The books are awash with celebrity anecdote (even outside the film industry: on bored post-demob walks down Sussex lanes he exchanges pleasantries with Vera Lynn; James Baldwin turns up at his fiftieth birthday lunch in Saint-Paul-de-Vence), but the real joy of Bogarde’s writing is in the domestic detail:
On the first Sunday of the month we went to Isa for a tinned salmon tea, where I read knitting patterns; on the second Sunday it was Aunt Teenie … She shook and trembled constantly, like a cobweb in a draught, and presided over a gigantic tea table covered with cakes and scones and homemade bread. A silver teapot smothered by a crinolined celluloid doll, its pink shiny arms held out in supplication, a simpering Madonna. A small hand-knitted pom pom hat on its head. A brass kettle steamed gently over a spirit lamp, and we ate constantly, in more or less complete silence.
Houses are a preoccupation: the lost idyll of the Sussex cottage, the teenage years of postlapsarian exile at his aunt’s Bishopbriggs semi, the Georgian terraced house he bought on Chester Row in Belgravia, various Home Counties mansions during the Rank years. He settled at Le Pigeonnier, a crumbling fifteenth-century farmhouse in the south of France, before being uprooted again to Kensington, and finally a lonely top floor flat in Chelsea. He describes furnishing the houses, doing the gardening, and which bits of Meissen china were broken by careless cross-Channel removal companies.
In these sketches of domestic rooms looms one great elephant: Bogarde lived for nearly fifty years with his partner Anthony Forwood. He never came out publicly, or privately: in an Arena documentary made shortly after his death, his sister Elizabeth said: ‘I knew what I could ask him, and I knew what I couldn’t ask him’ – his relationship with Forwood was firmly in the second category.
Undertaking such a mammoth life writing project, with such an important part of his life so firmly off limits, brings an inevitable tension to the books. Forwood’s first appearance is unmistakably romantic:
I was quite unprepared for the elegant splendour reclining in the too-small seat before me. Booted, breeched, tunic’d, buttons and badges gleaming brightly in the meagre light of the dim auditorium, his hair shining like a halo, he extended an indifferent hand, told me his name and said he had been in the Front and thought I was ‘interesting’.

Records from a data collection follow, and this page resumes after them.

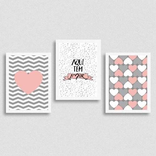 Kit 3 Quadros Aqui Tem Amor Rosa E Cinza 24X18Cm Moldura: madeira preta Informações do produto tire todas as suas dúvidas no descritivo abaixo: decoração para quarto, sala, cozinha, escritório, área gourmet e muito mais. Chega de paredes vazias medidas - cada peça tem 24x18cm a5 .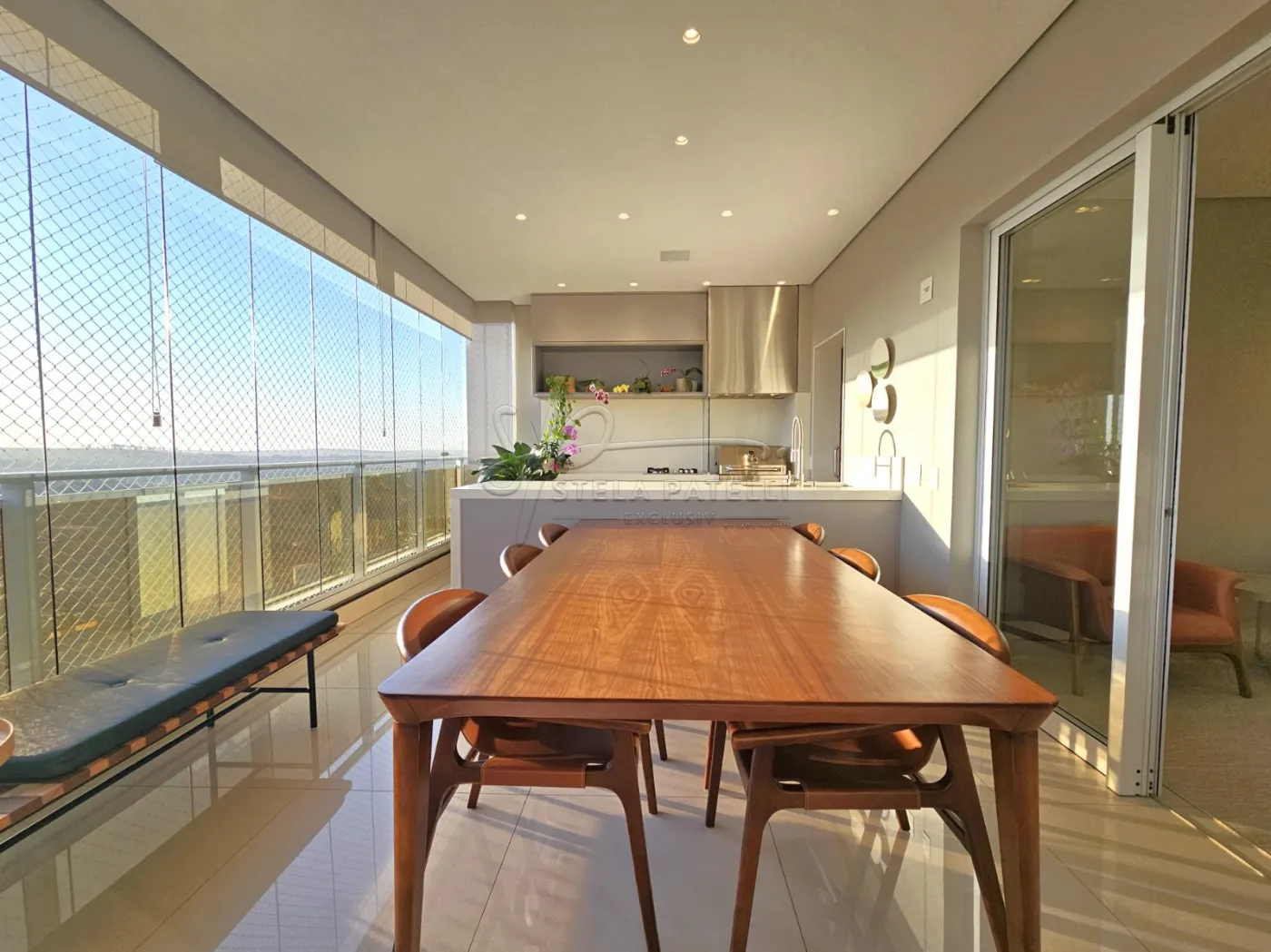 - Varanda gourmet ampla equipada com churrasqueira a gás, cooktop e Fechamento em Blindex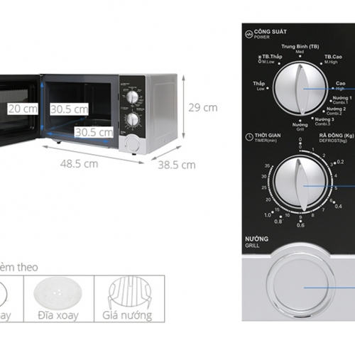+ Lò vi sóng ( Lò Vi ba) nút cơ có NƯỚNG, Dung tích 23 Lít

Even though all that follows is a handshake and a business deal over late night cocoa, its significance is obvious: ‘I felt so immediately secure, the atmosphere was one of such familiar trust that it never remotely occurred to me to say anything other than “Yes” without qualification.’
In the penultimate volume, Forwood’s diagnosis with Parkinson’s and cancer forces them to leave the South of France to be near London’s hospitals, and Bogarde almost seems to give up the pretence, his heartbreak obvious. Otherwise, though, Forwood is a peripheral figure, popping up with sound career advice once in a while, always only ‘my manager’, and only ever ‘Forwood’.
‘It’s a dead bore, to write about yourself all the time,’ Bogarde said in 1986, with four volumes of autobiography still ahead of him, and towards the end you get the sense that maybe he’d had enough: old anecdotes are repeated and rehashed, charmless complaints about socialism and the higher rate of tax find their way in. He burned all his personal papers before his return from France, so maybe he simply ran out of material, or got tired of the equivocations and concealments it required. Or perhaps eight volumes of autobiography is more than anyone needs to write. Even in the depths of obsession, I think it’s more than I needed to read.
Comments
What indeed is an autobiography if it leaves out such important, personal aspects of one's life? Perhaps the term "journal" might be more appropriate.